After the Pier

September 29, 2009

I reckon the scream of joy and relief and near-coital ecstacy came shortly after I put myself out there, into the water so glacially cold. Fell backwards into it, I did. Gleefully.

That periwinkle Seattle sky shifted its gaze at me between clouds. I’d been walking Westlake for awhile, the rippling sheet of the lake’s water refracting back all the buildings and bobbing/weaving boats as my footfalls echoed against the cement in the still autumn air. My suit was pressed and perfect, my face freshly-scraped and my hair lacquered to a faultless sheen; neat as a pin and ready to function productively, I was.

What possessed me? Hell, I don’t know. All I remember was the surge of uncontained joy I felt as I spun like an Olympic discus thrower, hurtled my briefcase into the lake, and watched the leather case smack into the water’s surface. It burst open, vomitting up reports, resumes, pens, and my cell phone.  Then the lake methodically swallowed the case with a few undistinguished gulps. I was a slave watching with joy as one arm’s shackles disintegrated and fell off.

Needed to purify myself, to feel the lake’s icy life’s blood wash away the antiseptic anonymity. The water–oil, pollution, and Godknowswhatelse-laden as it was–looked so very pure and sublime, like the holiest of Holy Waters, and its humble lapping at the barnacle-encased wood and asphalt along the dock made me swoon.

That was when I walked to the edge of the pier, staring into the lake mesmerised.

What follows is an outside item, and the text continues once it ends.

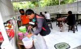 Warung Sedekah dan Berbagi di Kalurahan Pengasih, Kulonprogo, Yogyakarta, Jumat (25/9). Sebanyak 70 porsi makan disiapkan oleh warung sedekah ini setiap hari kecuali hari Ahad. Warung yang didirikan sejak Agustus ini diinisiasi oleh Dosen Universitas Ahmad Dahlan (UAD) Abdul Ghofar. Mulai dari jam 10 pagi hingga jam tiga sore warga bisa makan dengan gratis tanpa ada syarat. Di samping itu, sekarang banyak juga warga yang ikut mengirimkan makanan untuk disedekahkan di sini. (FOTO : Wihdan Hidayat / Republika)

Then I pivoted on one foot so that my back faced the lake. The water lapped away softly as the smell of the water filled my nostrils.

A track-suited middle-aged woman jogged by. Technicolor-red hair bounced on her shoulders as her green eyes locked with mine. She smiled politely at first, then her courteous mien segued to curiosity, and finally to shock. At least that’s what it looked like when I pushed my feet backwards and vaulted into Lake Union

The Smear of Blue that borders both sides of the gray was God not me

The Smear of Blue that borders both sides of the gray was God not me

.

My  body smacked into the water, and the jolt of cold woke every nerve ending. I screamed reflexively, a loud whoop that felt like impurities being coughed out of me. For a few seconds I was fully submerged beneath the dark green water. The jogging woman’s form moved along the edge of the pier. I could see her through the film of algae and water, vague and diffuse: She gestured frantically and pointed, but the utter silence ‘neath the surface rendered her and the other forms gathering near her purely abstract.

All of the people at the edge of the water looked unremarkable and smeary even after my body rose back to the surface. They scurried around like perturbed rodents, oblivious to the fact that I wanted to be there; that I’d made the choice to jump into the unknown and chuck everything they’d built to shore up their dissatisfaction. I backpedaled away from them, further to the center of the lake. And I could hear the jingling of the last set of shackles as it left my wrist and sank to the lake bottom.